About this task:
The lines below must be transcribed exactly as given, with the images removed.

+++ Collected material

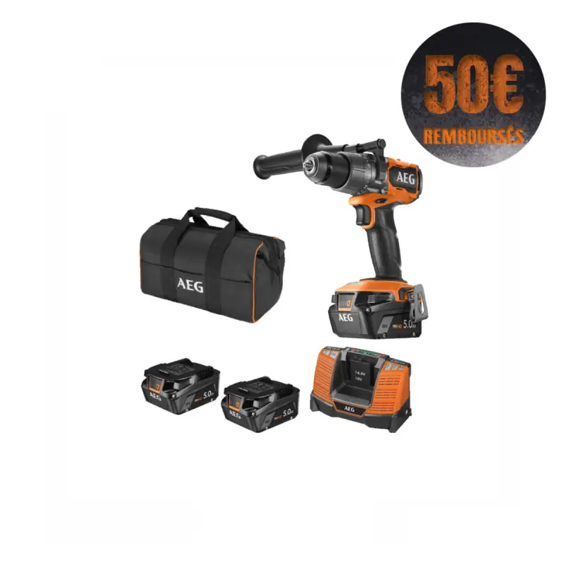 The AEG 18V Brushless Hammer Drill - 2 batteries 5.0Ah - 1 charger - Additional handle - BSB18C3BL-502C is the ideal tool for your drilling tasks in most materials thanks to its brushless technology and high torque. You will also benefit from a real time-saving via the reliable metal keyless chuck with its lock that facilitates replacement and ensures a secure attachment of the equipment.
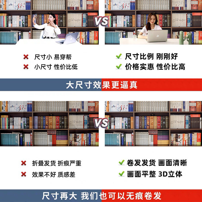 书架直播背景布办公室简约高清知识讲解坐播3d立体墙布书橱书房多风格高档高清直播背景布卧室书柜口播室内
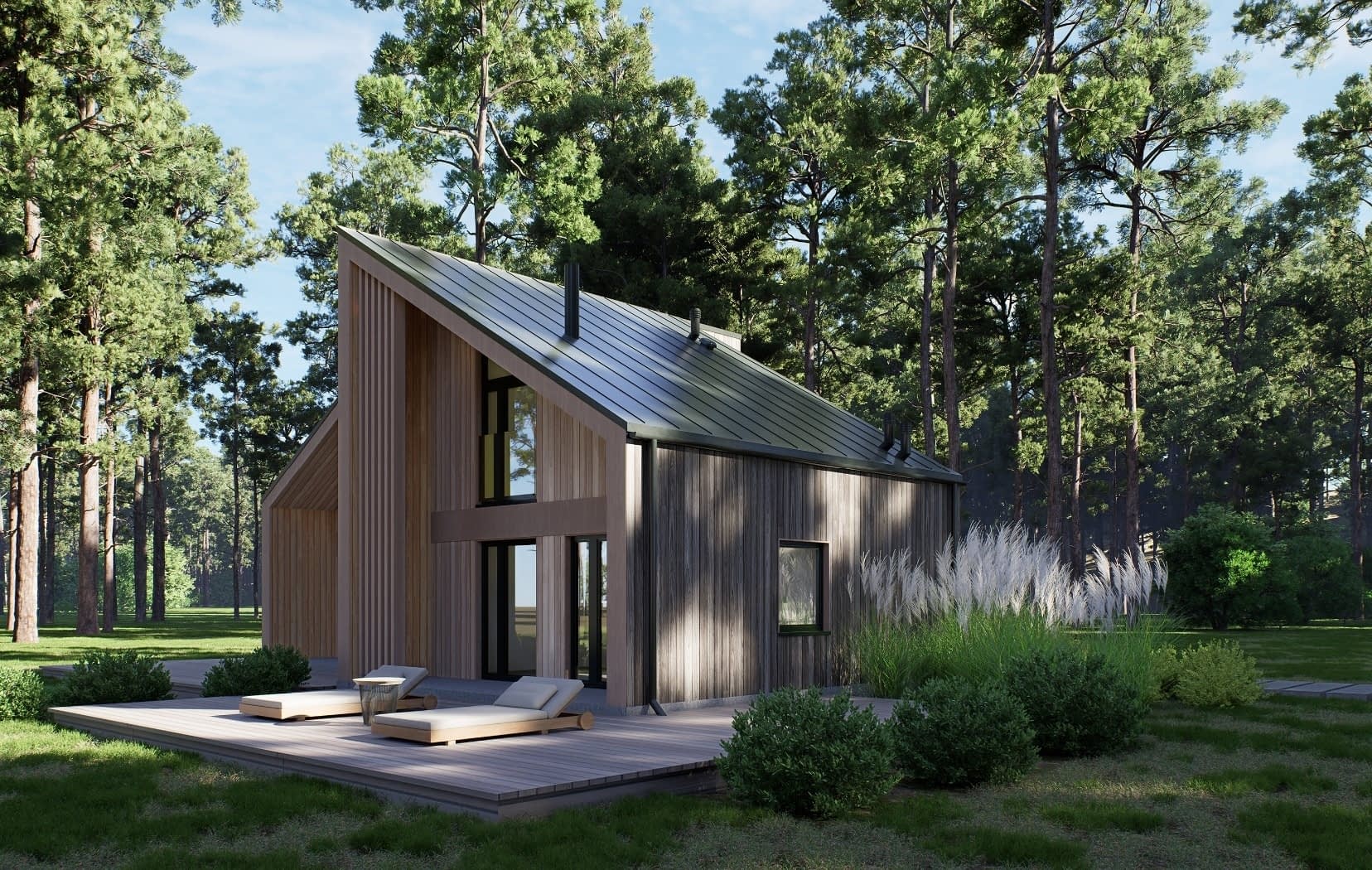 D434A niewielki wygodny domek letniskowy parterowy z antresolą w szkielecie drewnianym w zabudowie bliźniaczej.Konstrukcja
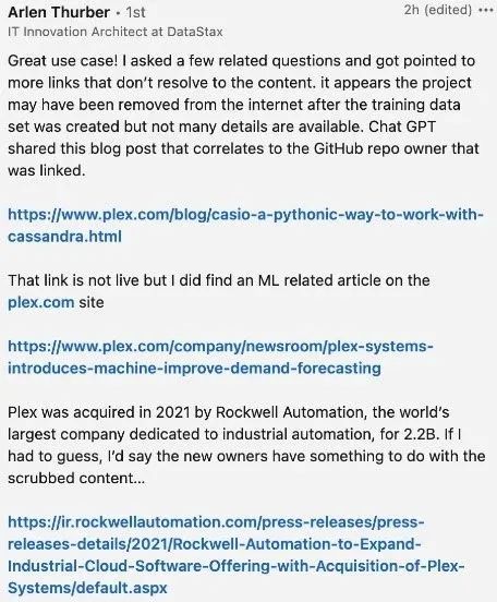DataStax的员工在更深入的探索与交互中,发现ChatGPT提供了更多不存在的链接。这一证据也可能表明相关应用证据和工具链曾经存在于网络上,只是已经被移除了,但是非常多的证据可能还散布在网络上。世界上最大的工业自动化公司之一Rockwell Automation也曾发文介绍AI在工业需求预测上的应用。这么多关于OpenAI把Cassandra应用于AI领域的消息,十分明确地指明了这一可能的应用方向与相关前景。至此,我们可以相信,即使OpenAI没有公开承认其使用的技术栈与数据库,Cassandra也有相当的概率已经被其应用于相关服务。

++++++

Output below:
 The AEG 18V Brushless Hammer Drill - 2 batteries 5.0Ah - 1 charger - Additional handle - BSB18C3BL-502C is the ideal tool for your drilling tasks in most materials thanks to its brushless technology and high torque. You will also benefit from a real time-saving via the reliable metal keyless chuck with its lock that facilitates replacement and ensures a secure attachment of the equipment.
 书架直播背景布办公室简约高清知识讲解坐播3d立体墙布书橱书房多风格高档高清直播背景布卧室书柜口播室内
 D434A niewielki wygodny domek letniskowy parterowy z antresolą w szkielecie drewnianym w zabudowie bliźniaczej.Konstrukcja
DataStax的员工在更深入的探索与交互中,发现ChatGPT提供了更多不存在的链接。这一证据也可能表明相关应用证据和工具链曾经存在于网络上,只是已经被移除了,但是非常多的证据可能还散布在网络上。世界上最大的工业自动化公司之一Rockwell Automation也曾发文介绍AI在工业需求预测上的应用。这么多关于OpenAI把Cassandra应用于AI领域的消息,十分明确地指明了这一可能的应用方向与相关前景。至此,我们可以相信,即使OpenAI没有公开承认其使用的技术栈与数据库,Cassandra也有相当的概率已经被其应用于相关服务。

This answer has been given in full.